--- MATERIAL TO PROCESS ---
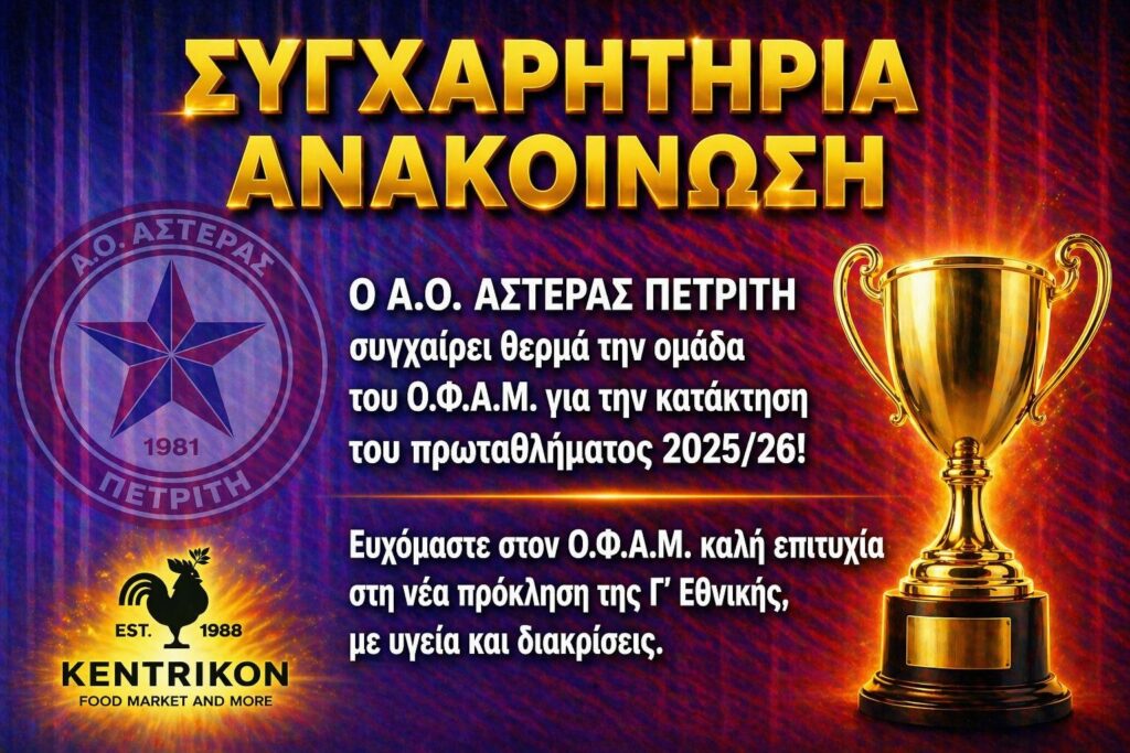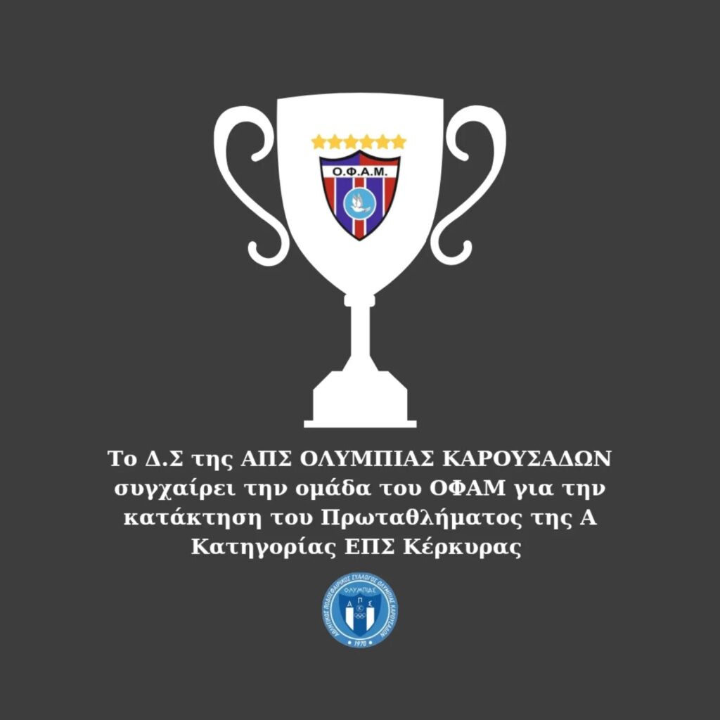 Με ιδιαίτερη χαρά συγχαίρουμε τον ΟΦΑΜ για την πανάξια κατάκτηση του πρωταθλήματος της Α’ ΕΠΣΚ.
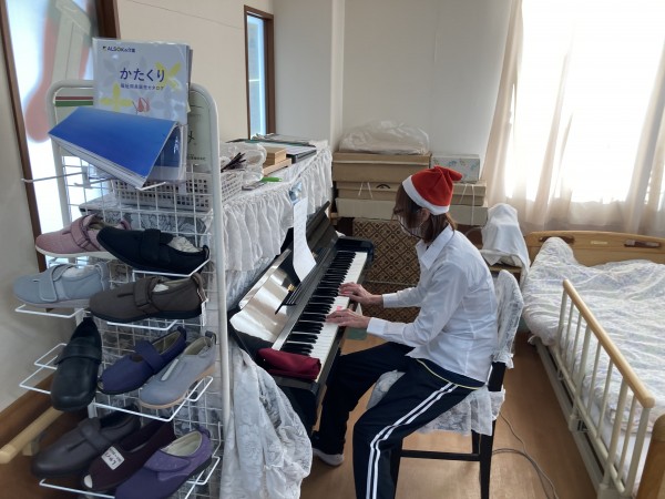 ピアノの伴奏に合わせて「もろびとこぞりて」「ジングルベル」を
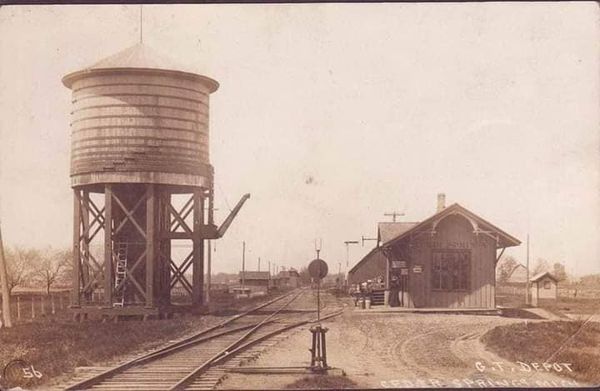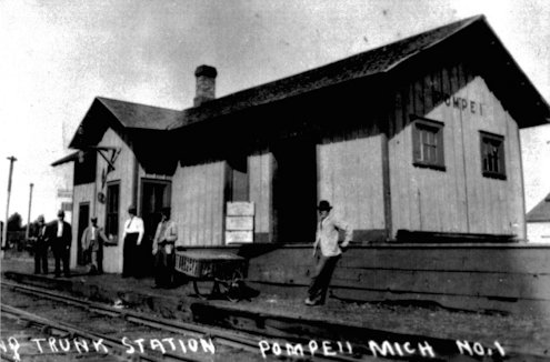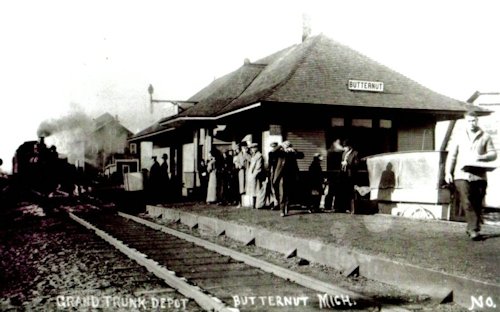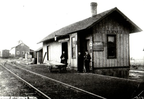 The Grand Trunks' replacement of the Perrinton, Butternut, Sheridan, and Vickeryville depots has always puzzled me. At first I thought they had burned down, buildings used to burn down a lot. But four buildings in that same area in about four years time, an arsonist on the loose? Then I found a photo of Butternut with both depots!
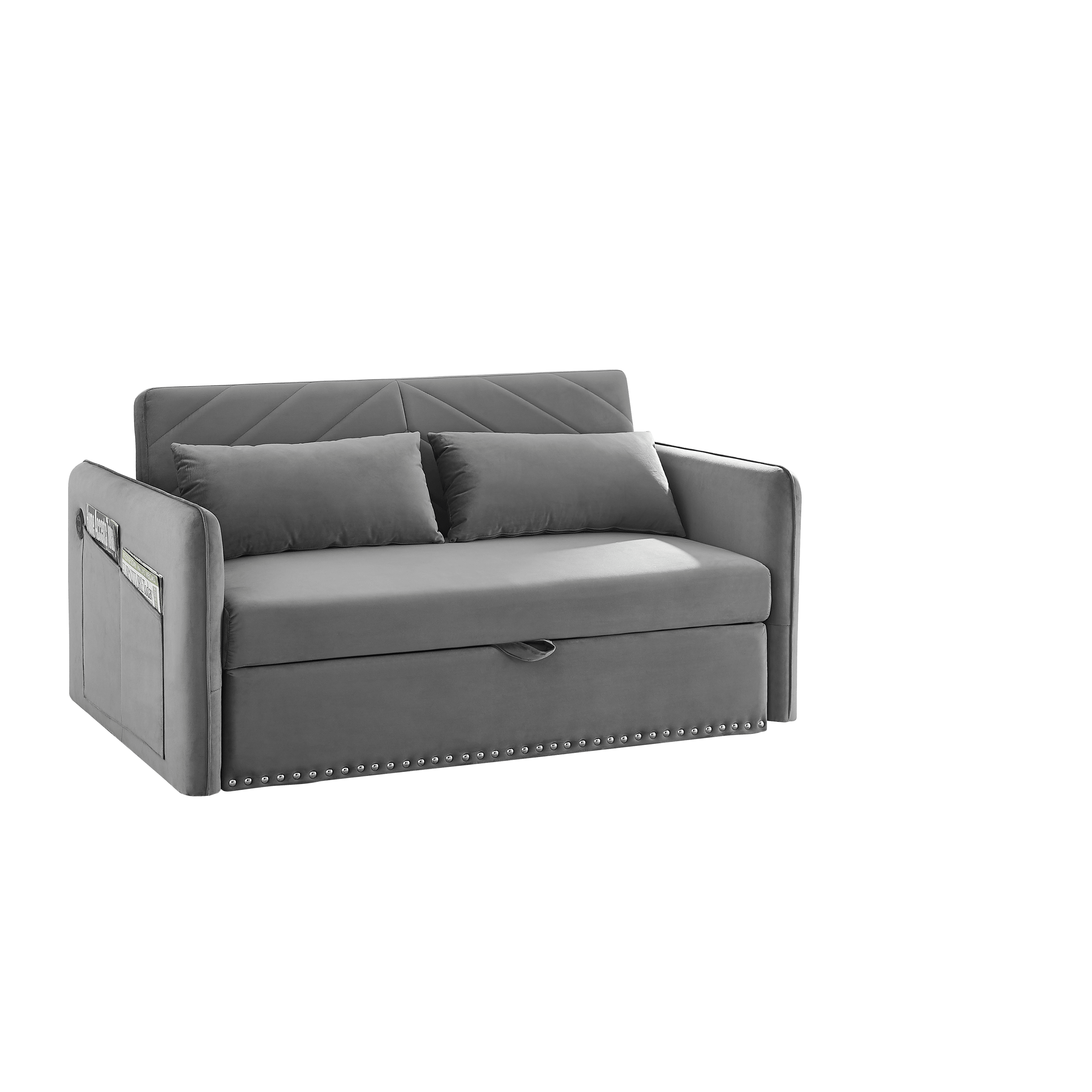 MH" Sleeper Sofa Bed w/USB Port, 3-in-1 adjustable sleeper with pull-out bed, 2 lumbar pillows and side pocket
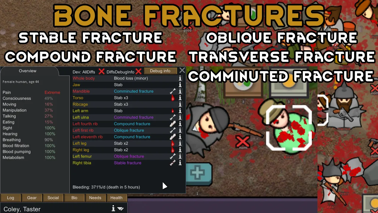 Want to watch those new bone fractures roll in during combat? Or surgically remove the vertebrae from an unruly colonist? Maybe human bones can be your colony's next big export?!
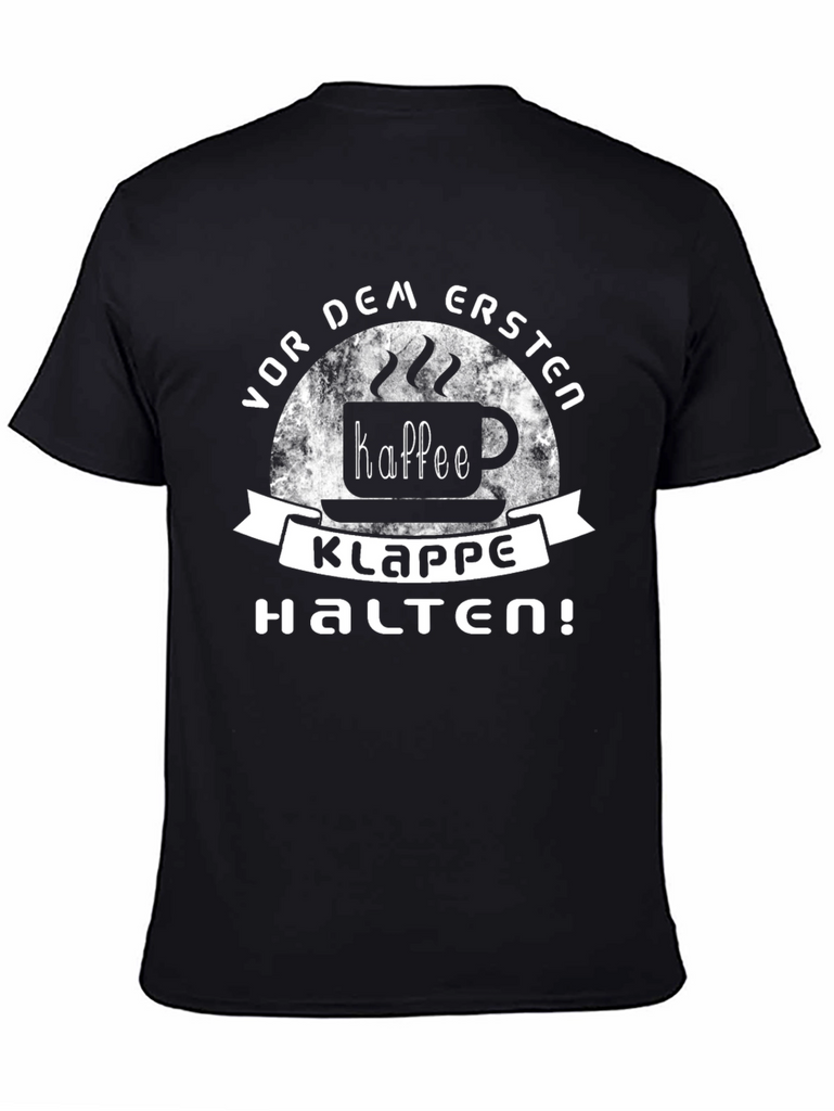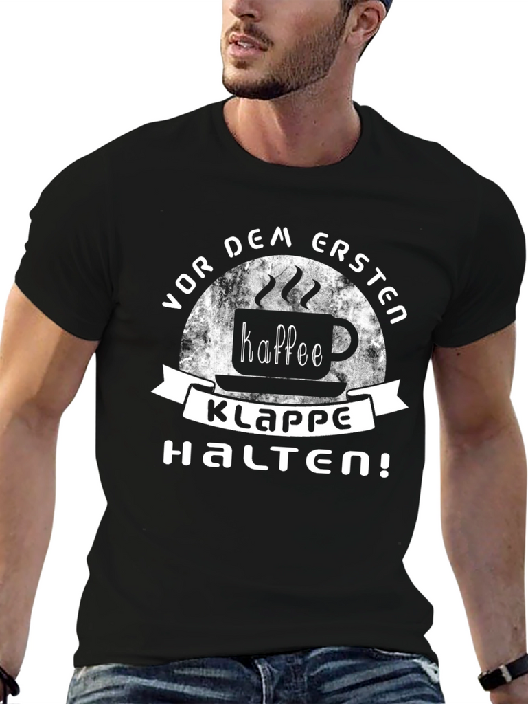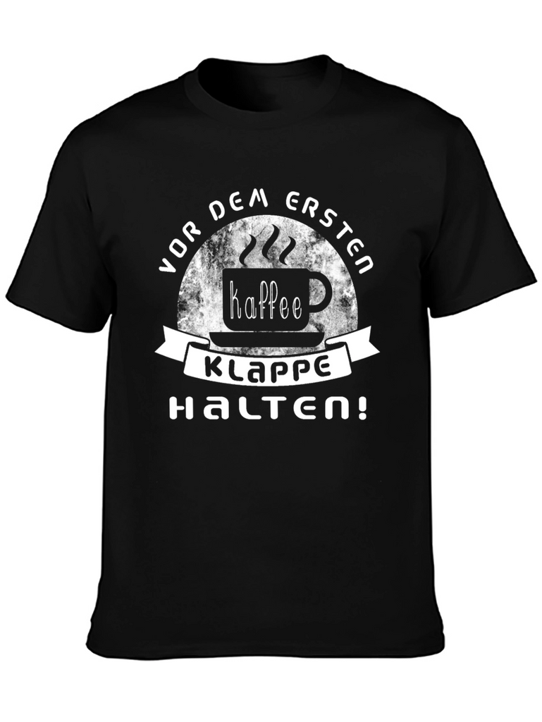 This black t-shirt features a bold and humorous design for coffee lovers. The graphic includes a stylized coffee cup with the German text "Vor Dem Ersten Kaffee Klappe Halten!", which translates to "Keep quiet before the first coffee!". The distressed design adds a vintage touch, making it a standout piece. The shirt appears to be made of a comfortable, breathable fabric, perfect for everyday wear. This t-shirt is ideal for casual outings, coffee shop visits, or as a fun gift for the coffee enthusiast in your life. Show off your love for coffee and your sense of humor with this unique tee.
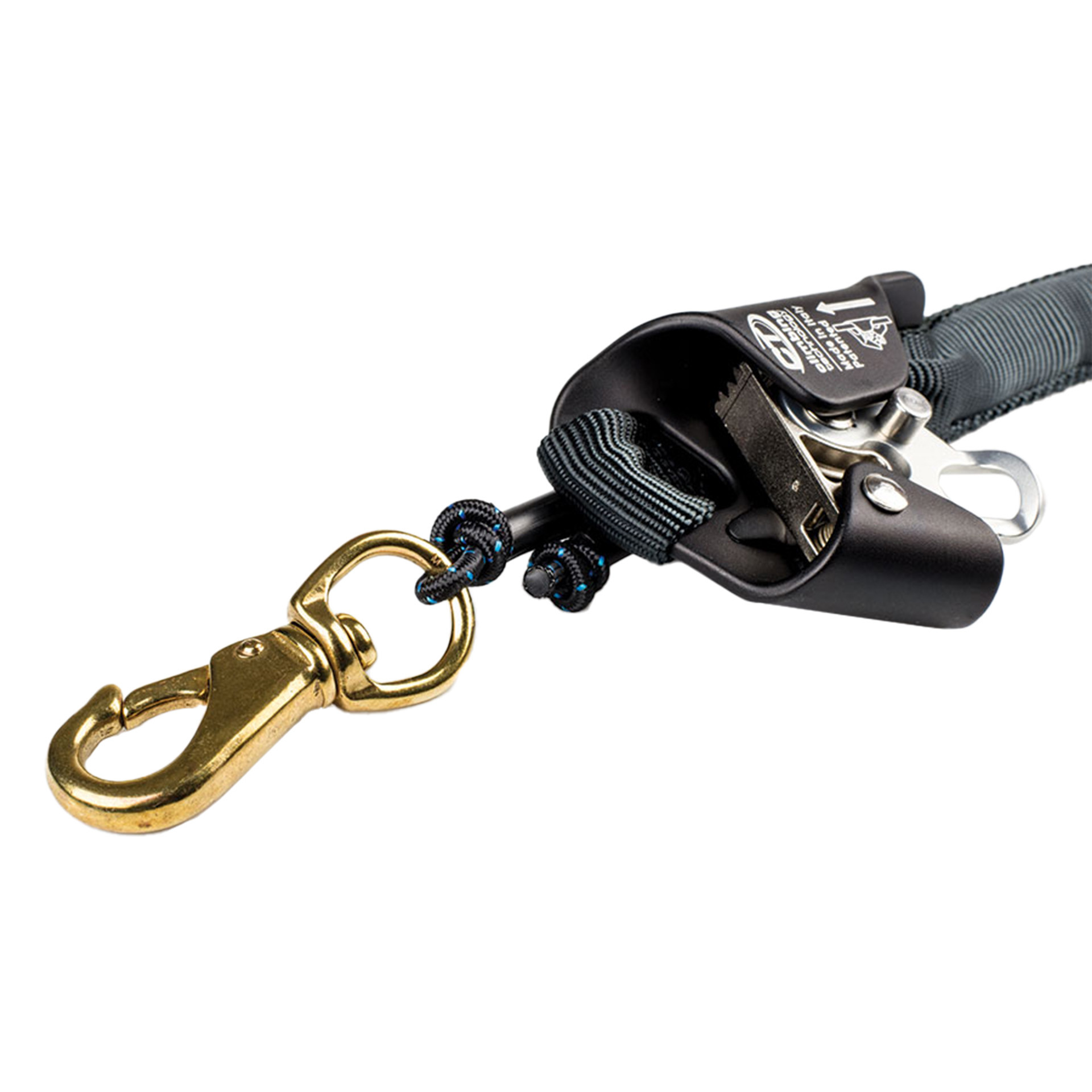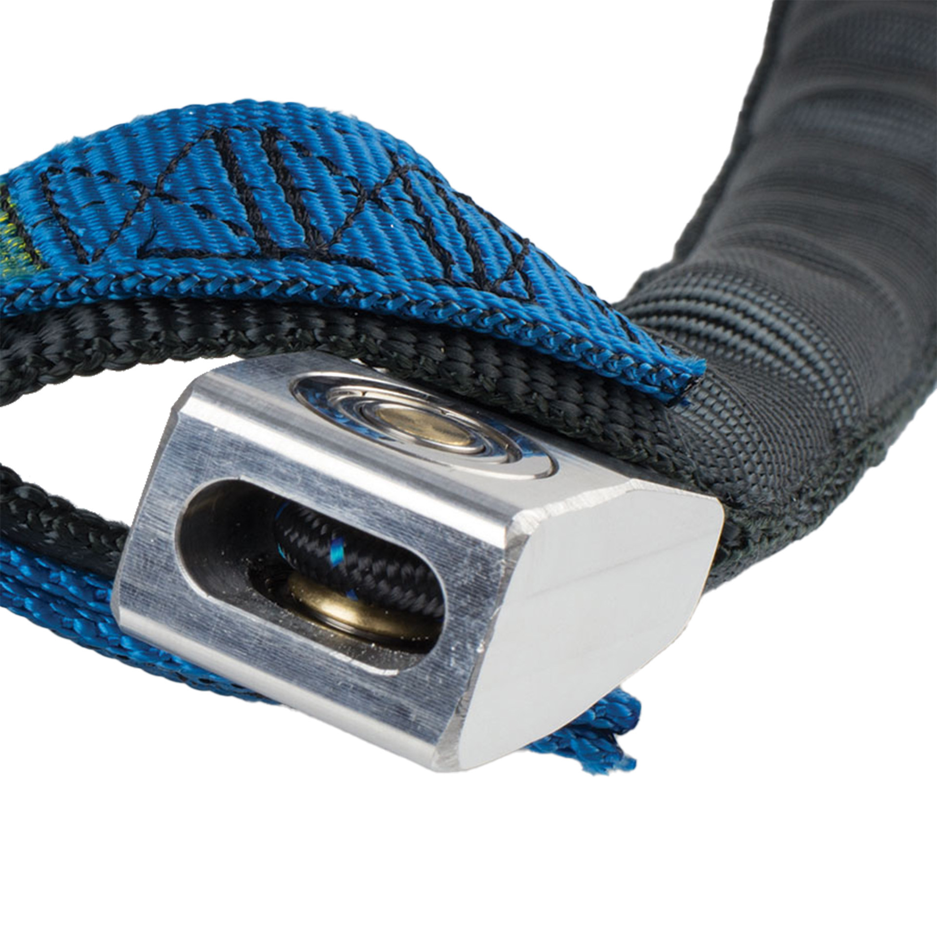 The snap is now tied just above the ascender and will extract out 30 inches, which eliminates any set up, as well as any “dead spots” in the return action. The bungee is terminated at the top of the Weaver HASS Velox, travels down though a channel to the bottom where it is wrapped around a shiv with stainless steel sealed bearings inside a machined aluminum block for maximum friction reduction. It then returns back up a second channel where it is tied to the snap. Bungee is replaceable in under 5 minutes with no tools. Made by the team at Weaver.
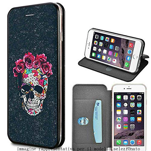 Mixroom - Custodia Cover Case a Libro Nero per iPhone 13 con Stand in Ecopelle Chiusura Magnetica Parte Interna in TPU Morbida Fantasia LN589 Teschio con Cappello di Rose
---
§ **TASK**
Beginning at the first line of the listing, print each line exactly until and including the one that has "Want to watch"; skip pictures.

§ **ANSWER TO THIS PROBLEM**
 Με ιδιαίτερη χαρά συγχαίρουμε τον ΟΦΑΜ για την πανάξια κατάκτηση του πρωταθλήματος της Α’ ΕΠΣΚ.
 ピアノの伴奏に合わせて「もろびとこぞりて」「ジングルベル」を
 The Grand Trunks' replacement of the Perrinton, Butternut, Sheridan, and Vickeryville depots has always puzzled me. At first I thought they had burned down, buildings used to burn down a lot. But four buildings in that same area in about four years time, an arsonist on the loose? Then I found a photo of Butternut with both depots!
 MH" Sleeper Sofa Bed w/USB Port, 3-in-1 adjustable sleeper with pull-out bed, 2 lumbar pillows and side pocket
 Want to watch those new bone fractures roll in during combat? Or surgically remove the vertebrae from an unruly colonist? Maybe human bones can be your colony's next big export?!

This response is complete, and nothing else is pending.